═══ RECORDS SHOWN

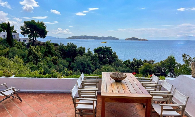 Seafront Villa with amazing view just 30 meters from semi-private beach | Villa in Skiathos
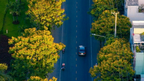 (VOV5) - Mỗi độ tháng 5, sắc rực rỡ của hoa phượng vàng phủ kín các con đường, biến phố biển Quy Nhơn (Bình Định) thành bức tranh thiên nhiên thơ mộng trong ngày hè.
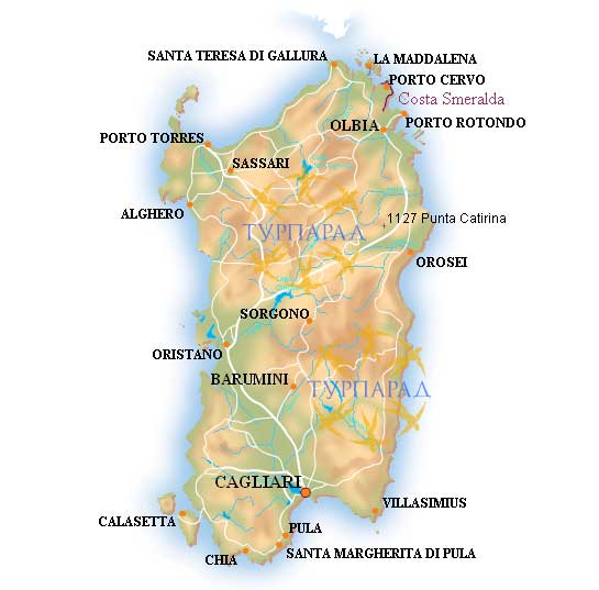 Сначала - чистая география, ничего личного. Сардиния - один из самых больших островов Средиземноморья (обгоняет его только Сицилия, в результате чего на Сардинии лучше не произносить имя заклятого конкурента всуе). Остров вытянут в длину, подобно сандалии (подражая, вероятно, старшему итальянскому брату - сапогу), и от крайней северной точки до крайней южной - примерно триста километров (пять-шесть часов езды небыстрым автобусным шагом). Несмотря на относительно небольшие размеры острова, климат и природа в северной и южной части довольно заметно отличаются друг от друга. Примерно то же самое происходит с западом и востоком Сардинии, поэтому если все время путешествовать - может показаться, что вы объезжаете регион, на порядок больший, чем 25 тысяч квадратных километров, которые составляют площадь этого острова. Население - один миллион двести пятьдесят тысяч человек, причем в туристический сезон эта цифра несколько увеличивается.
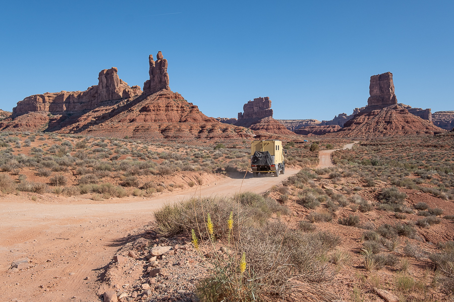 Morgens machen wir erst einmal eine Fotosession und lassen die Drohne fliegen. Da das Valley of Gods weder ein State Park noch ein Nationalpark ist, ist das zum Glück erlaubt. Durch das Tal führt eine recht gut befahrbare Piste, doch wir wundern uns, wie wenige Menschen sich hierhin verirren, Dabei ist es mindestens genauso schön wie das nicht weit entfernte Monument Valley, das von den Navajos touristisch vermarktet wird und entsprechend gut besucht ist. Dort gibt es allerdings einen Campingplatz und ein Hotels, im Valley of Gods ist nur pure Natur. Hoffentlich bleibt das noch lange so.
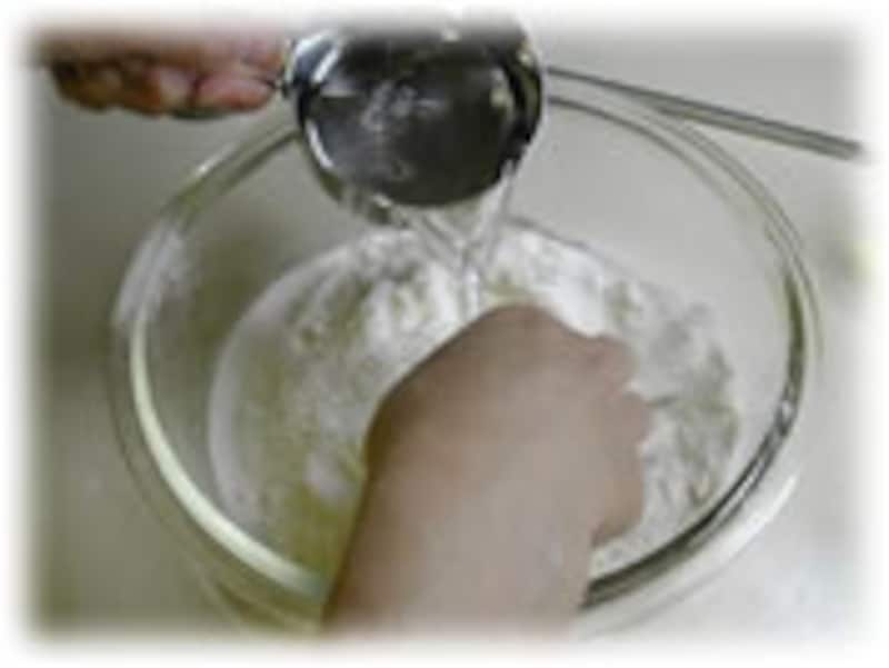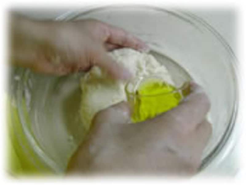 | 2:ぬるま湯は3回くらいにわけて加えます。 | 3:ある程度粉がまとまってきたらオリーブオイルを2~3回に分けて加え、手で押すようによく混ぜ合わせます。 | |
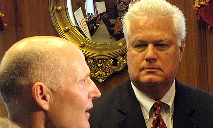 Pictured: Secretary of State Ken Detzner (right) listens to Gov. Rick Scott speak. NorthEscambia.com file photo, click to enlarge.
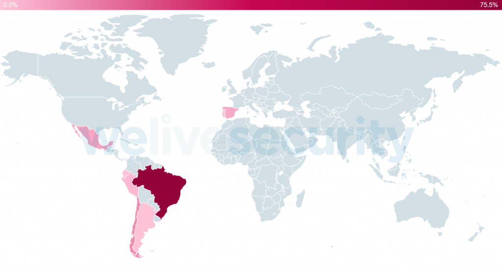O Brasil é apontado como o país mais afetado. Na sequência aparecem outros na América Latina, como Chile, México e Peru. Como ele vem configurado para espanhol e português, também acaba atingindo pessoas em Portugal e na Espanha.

══════
═══ RECORDS SHOWN

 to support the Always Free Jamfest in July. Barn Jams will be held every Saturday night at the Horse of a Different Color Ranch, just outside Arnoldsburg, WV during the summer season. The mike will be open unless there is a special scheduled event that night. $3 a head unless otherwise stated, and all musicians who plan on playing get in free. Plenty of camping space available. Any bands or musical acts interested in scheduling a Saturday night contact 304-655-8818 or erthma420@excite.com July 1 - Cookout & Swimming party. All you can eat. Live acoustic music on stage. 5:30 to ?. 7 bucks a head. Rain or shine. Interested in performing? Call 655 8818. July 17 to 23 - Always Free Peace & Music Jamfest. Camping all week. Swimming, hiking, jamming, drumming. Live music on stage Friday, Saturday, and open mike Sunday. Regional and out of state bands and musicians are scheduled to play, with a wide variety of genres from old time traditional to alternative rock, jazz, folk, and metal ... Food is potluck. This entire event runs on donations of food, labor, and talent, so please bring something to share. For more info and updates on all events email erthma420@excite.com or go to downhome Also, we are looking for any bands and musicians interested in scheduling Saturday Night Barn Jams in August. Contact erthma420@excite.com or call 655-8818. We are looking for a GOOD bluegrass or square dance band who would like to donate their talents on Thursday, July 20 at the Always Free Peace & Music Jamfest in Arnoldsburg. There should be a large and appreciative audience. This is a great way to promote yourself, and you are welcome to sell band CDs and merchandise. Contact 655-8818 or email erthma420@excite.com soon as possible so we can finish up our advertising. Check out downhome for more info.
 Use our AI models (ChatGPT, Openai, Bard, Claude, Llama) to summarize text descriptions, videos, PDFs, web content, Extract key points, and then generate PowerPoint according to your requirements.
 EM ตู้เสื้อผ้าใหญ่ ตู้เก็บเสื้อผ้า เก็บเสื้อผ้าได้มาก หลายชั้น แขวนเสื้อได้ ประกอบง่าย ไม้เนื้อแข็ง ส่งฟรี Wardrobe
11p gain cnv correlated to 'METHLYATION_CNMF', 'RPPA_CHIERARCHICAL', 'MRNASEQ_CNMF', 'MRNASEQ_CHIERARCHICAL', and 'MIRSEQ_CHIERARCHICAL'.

══════

■ **REQUIRED WORK**
The material above holds pictures; leave them out. Repeat exactly the lines from the one containing "3:ある程度粉がまとまってきたらオリーブオイルを2~3回に分けて加え、手で押すようによく混ぜ合わせます。 | |" through the one containing "O Brasil é apontado", and nothing else.

■ **FINAL ANSWER**
 | 2:ぬるま湯は3回くらいにわけて加えます。 | 3:ある程度粉がまとまってきたらオリーブオイルを2~3回に分けて加え、手で押すようによく混ぜ合わせます。 | |
 Pictured: Secretary of State Ken Detzner (right) listens to Gov. Rick Scott speak. NorthEscambia.com file photo, click to enlarge.
O Brasil é apontado como o país mais afetado. Na sequência aparecem outros na América Latina, como Chile, México e Peru. Como ele vem configurado para espanhol e português, também acaba atingindo pessoas em Portugal e na Espanha.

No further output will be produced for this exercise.